Gummy bears and other forms of gelatin are used in the pharmaceutical industry to encapsulate biologically active substances such as medication and vitamins, protecting against oxidation and overly quick release. Nanopores in gelatin have a significant influence on the material’s properties, yet are difficult to study. Now, using gummy bears, researchers at Technische Universität München (TUM; Germany) have determined relevant gelatin properties using positron-annihilation-lifetime spectroscopy (PALS).1
In PALS, a beam of positrons is directed at the gummy bear. If a positron encounters an electron, the two particles briefly form an exotic atom-like object called positronium, then annihilate, producing two photons, each with a 0.511 MeV energy (in positronium decay, three photons of lower energy are very occasionally produced instead).

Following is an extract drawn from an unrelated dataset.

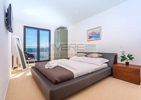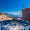 Über drei Etagen verteilt sich bei dieser vollklimatisierten Immobilie moderner Luxus, kombiniert mit lichtdurchfluteten und offenen Räumlichkeiten. Die Zufahrt mit vier Außenstellplätzen liegt oberhalb der Villa, deren drei Etagen sowohl durch einen Innen- als auch Außentreppe verbunden sind. Das Erdgeschoss bietet zwei Schlafzimmer mit jeweiligen Bad en suite und Zugang zu einer schönen Teakholz-Sonnenterrasse mit 33 m2 großen Pool mit eingebauter Massageanlage und Außendusche, der von Sonnenliegen und einem Essbereich im Freien umgeben ist und einen traumhaften Panoramablick auf das Meer eröffnet. Im hinteren Bereich des Erdgeschosses finden Sie einen Entertainment Bereich vor, ausgestattet mit Fernseher, Tischtennis und elektronischen Darts-Spiel. Der erste Stock, der sowohl über die Außen- als auch die Innentreppe zugänglich ist, bietet einen offenen Bereich, der das Wohnzimmer, den Essbereich und die moderne offene Küche zu einer Einheit verbindet. Zusätzlich bietet das Erdgeschoss eine separate Gästetoilette und einen Hauswirtschaftsraum. Große Glasfronten trennen den Wohnbereich von der schönen, nach Süden ausgerichteten Sonnenterrasse mit Meerblick. Zusätzlich führen große Glasschiebetüren aus dem Essbereich auf einen weitere, nach Osten ausgerichtete Terrasse, auf der ein weiterer Essbereich im Freien sowie der beheizbare Whirpool untergebracht sind. Eine private Konoba mit elektrischen Grill, Weinbar, einer zweiten kleinen Küche sowie einen Essbereich für 12 Personen befindet sich im hinterem Teil des ersten Obergeschosses und ist von der Ostterrasse zugänglich. Das zweite Obergeschoss verfügt über zwei weitere Schlafzimmer mit en suite Badezimmern und Zugang zu jeweils kleinen, privaten Terrassen mit Panoramablick auf das Meer. Auf dieser Etage ist auch der Wellnessbereich untergebracht, der neben einen klimatisierten Fitnessbereich eine finnische Sauna bietet. Die Villa ist von einer mediterranen Flora und Fauna umgeben, in der die mediterranen Düfte Lavendel, Salbei und Rosmarin die Schattierungen von Oliven- und Mandarinenbäumen ergänzen. Dies ist der perfekte Ort um die atmosphärische Kulisse zu genießen und rundet somit das Bild einer perfekten Immobilie ab.
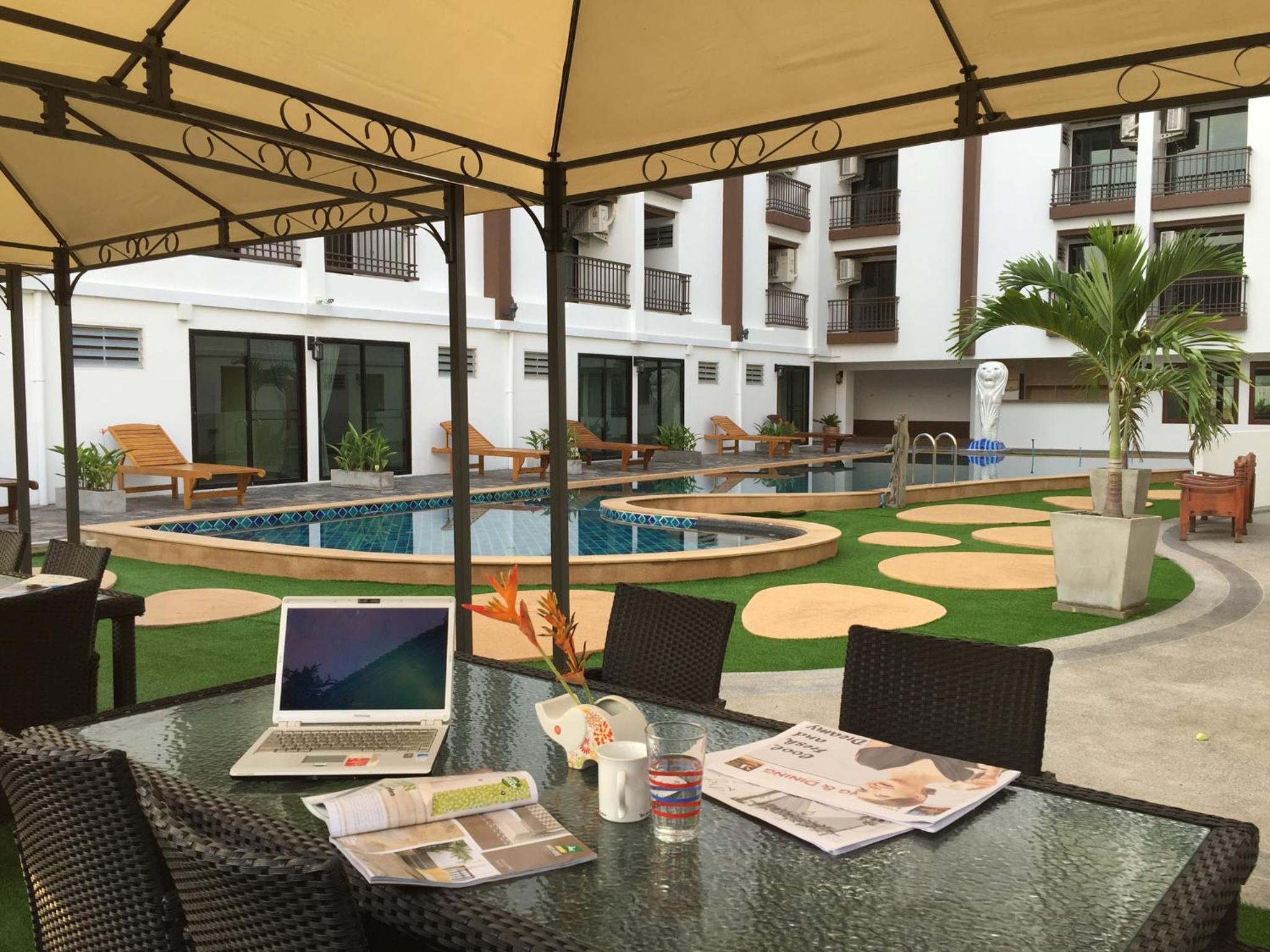 Enjoy a refreshing dip in the outdoor pool at Baan Sang Singh and take advantage of the free shuttle service to explore the nearby Walking Street on weekends.

Using sodium (22Na) as a positron source, the scientists bombarded red gummy bears at various stages of wetness with positrons to model gelatin capsules dissolving in the stomach. Results of photon measurements showed that positronium lasts 1.2 and 1.9 ns (avg.) in dry and saturated bears, respectively. From these lifetimes, the scientists then deduced the number and size of nanopores in the bear material. The nanopore size was inferred by applying a semi-empirical quantum-mechanical model in which the the radial Schrödinger equation was solved for a spherical cavity containing a single unit of positronium. Saturation with water, which increases a gummy bear’s volume by 2.5 times, also leads to formation of voids with a size of 84.3 Å (avg.). As-purchased bears had 51.6 Å pore sizes (avg.); and dry (dehydrated under heat and partial vacuum for 3 days) and superdry (packed in silica-gel desiccant and left for 2 years) gummy bears had pore sizes of 47.1 and 33.5 Å (avg.), respectively. The experiments were redone many times to ensure repeatability.
“The larger the free volume [of the nanopores], the easier it is for oxygen to penetrate it and harm the medication, but also the less brittle the gelatin,” says Christoph Hugenschmidt, a physicist at TUM. The positronium nanopore-determining technique can also be applied to other substances such as polymers and inorganic glasses.
REFERENCE
1. C. Hugenschmidt and H. Ceeh, J. Physical Chemistry B (2014); doi: 10.1021/jp504504p.